Work instructions:
Pictures are not repeated. Every line from the beginning of the entries through the one with "[生物医药]2024-04-12-东海证" is restated exactly.
(Records supplied Opens)
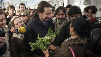 El secretario general de Podemos ha recorrido este viernes las calles de Cádiz, donde horas antes del mitin de final de campaña en el velódromo de Dos Hermanas (Sevilla), ha visitado el mercado de abastos gaditano acompañado de la candidata de este partido a la Junta de Andalucía, Teresa Rodríguez. Durante el recorrido, una vendedora ambulante se ha acercado a Iglesias para ofrecerle una ramita de romero y así desearle suerte a cambio de la voluntad, quien le ha preguntado qué le debía y dado una cantidad simbólica. En el mercado, abarrotado de los vecinos de la zona, un joven se ha presentado al líder como “Alexis de Podemos Cádiz, amigo de Alexis Tsipras, el gran Alexis”. Tanto Rodríguez como Iglesias han charlado con algunos comerciantes, que le han contado “cómo, por un lado, tienen menos ventas y, por otro, cada vez hay más familias que acuden al finalizar el horario del mercado para recoger los alimentos que sobran porque no tienen para alimentar a sus familias”, tal y como ha desvelado la candidata.
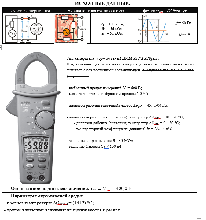 ИСХОДНЫЕ ДАННЫЕ: схема экспериментаэквивалентная схема объектаформа uвых= DC+синус: R1 = 180 кОм, R2 = 56 кОм R3 = 51 кОм f = 60 Гц. UDC=0 Тип измерителя: портативный ЦММ APPA A18plus. Предназначен для измерений синусоидальных и полигармонических сигналов с/без постоянной составляющей. ТО приложено, см. с 125 стр. (на русском) … - выбранный предел измерений Uк = 600 В; - класс точности на выбранном пределе 1,0 // 5; - диапазон рабочих (значений) частот ∆Fраб. = 45…500 Гц; - диапазон нормальных (значений) температур ∆Θнорм. = 18…28 °С; - диапазон рабочих (значений) температур ∆Θраб. = 0…50 °С; - температурный коэффициент (влияния) kΘ = 2∆о.п./10°С; - значение сопротивления RV ≥ 3 МОм; - значение ёмкости СV ≤ 100 пФ; Отсчитанное по дисплею значение: UV.
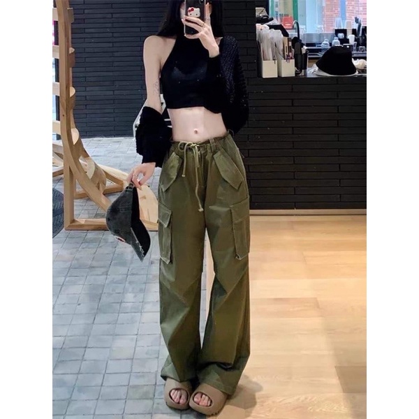 NEW No.8535 High-Waisted Cargo Pants With Drawstring Camouflage Shape!! Very Popular Now Keltis Signage Work.
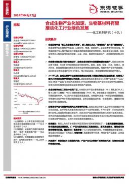[生物医药]2024-04-12-东海证券-化工系列研究(十九):合成生物产业化加速,生物基材料有望推动化工行业绿色发展-19页(银创产业通www.chanyetong.net)(银创产业通www.chanyetong.net)
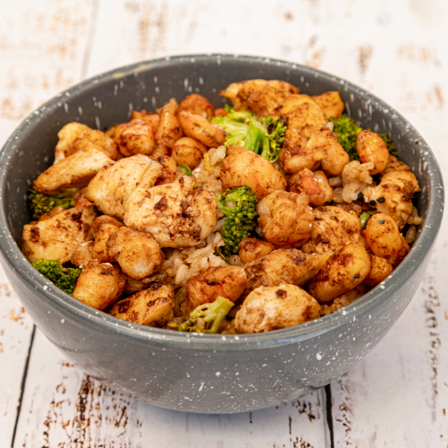Yakimeshi mar y tierra,Pollo y Camarón(50 Gramos) arroz frito, con zanahorita, brocolí, calabaza, pimiento verde,acompañado de cubitos de aguacate y queso Philadelphia.
(Records supplied Closes)
Task response:
 El secretario general de Podemos ha recorrido este viernes las calles de Cádiz, donde horas antes del mitin de final de campaña en el velódromo de Dos Hermanas (Sevilla), ha visitado el mercado de abastos gaditano acompañado de la candidata de este partido a la Junta de Andalucía, Teresa Rodríguez. Durante el recorrido, una vendedora ambulante se ha acercado a Iglesias para ofrecerle una ramita de romero y así desearle suerte a cambio de la voluntad, quien le ha preguntado qué le debía y dado una cantidad simbólica. En el mercado, abarrotado de los vecinos de la zona, un joven se ha presentado al líder como “Alexis de Podemos Cádiz, amigo de Alexis Tsipras, el gran Alexis”. Tanto Rodríguez como Iglesias han charlado con algunos comerciantes, que le han contado “cómo, por un lado, tienen menos ventas y, por otro, cada vez hay más familias que acuden al finalizar el horario del mercado para recoger los alimentos que sobran porque no tienen para alimentar a sus familias”, tal y como ha desvelado la candidata.
 ИСХОДНЫЕ ДАННЫЕ: схема экспериментаэквивалентная схема объектаформа uвых= DC+синус: R1 = 180 кОм, R2 = 56 кОм R3 = 51 кОм f = 60 Гц. UDC=0 Тип измерителя: портативный ЦММ APPA A18plus. Предназначен для измерений синусоидальных и полигармонических сигналов с/без постоянной составляющей. ТО приложено, см. с 125 стр. (на русском) … - выбранный предел измерений Uк = 600 В; - класс точности на выбранном пределе 1,0 // 5; - диапазон рабочих (значений) частот ∆Fраб. = 45…500 Гц; - диапазон нормальных (значений) температур ∆Θнорм. = 18…28 °С; - диапазон рабочих (значений) температур ∆Θраб. = 0…50 °С; - температурный коэффициент (влияния) kΘ = 2∆о.п./10°С; - значение сопротивления RV ≥ 3 МОм; - значение ёмкости СV ≤ 100 пФ; Отсчитанное по дисплею значение: UV.
 NEW No.8535 High-Waisted Cargo Pants With Drawstring Camouflage Shape!! Very Popular Now Keltis Signage Work.
[生物医药]2024-04-12-东海证券-化工系列研究(十九):合成生物产业化加速,生物基材料有望推动化工行业绿色发展-19页(银创产业通www.chanyetong.net)(银创产业通www.chanyetong.net)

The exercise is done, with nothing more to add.